=== Begin Enclosure ===
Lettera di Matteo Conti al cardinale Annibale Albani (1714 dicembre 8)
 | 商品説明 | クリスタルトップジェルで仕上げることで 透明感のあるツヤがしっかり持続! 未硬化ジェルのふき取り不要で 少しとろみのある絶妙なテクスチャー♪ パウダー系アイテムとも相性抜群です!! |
=== End Enclosure ===
=== Begin Enclosure ===
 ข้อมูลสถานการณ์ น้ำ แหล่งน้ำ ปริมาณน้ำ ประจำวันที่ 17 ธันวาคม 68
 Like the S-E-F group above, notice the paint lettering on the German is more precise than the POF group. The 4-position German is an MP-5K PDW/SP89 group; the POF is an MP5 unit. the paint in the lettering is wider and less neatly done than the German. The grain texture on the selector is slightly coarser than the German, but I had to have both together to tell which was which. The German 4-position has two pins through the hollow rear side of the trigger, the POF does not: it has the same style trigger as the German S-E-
=== End Enclosure ===
• Exercise details:
Everything from the line with "ข้อมูลสถานการณ์ น้ำ แหล่งน้ำ" through the line with "Like the S-E-F" should be written out exactly as it appears above, end lines included, and nothing outside that range.

• Reply to the exercise:
 ข้อมูลสถานการณ์ น้ำ แหล่งน้ำ ปริมาณน้ำ ประจำวันที่ 17 ธันวาคม 68
 Like the S-E-F group above, notice the paint lettering on the German is more precise than the POF group. The 4-position German is an MP-5K PDW/SP89 group; the POF is an MP5 unit. the paint in the lettering is wider and less neatly done than the German. The grain texture on the selector is slightly coarser than the German, but I had to have both together to tell which was which. The German 4-position has two pins through the hollow rear side of the trigger, the POF does not: it has the same style trigger as the German S-E-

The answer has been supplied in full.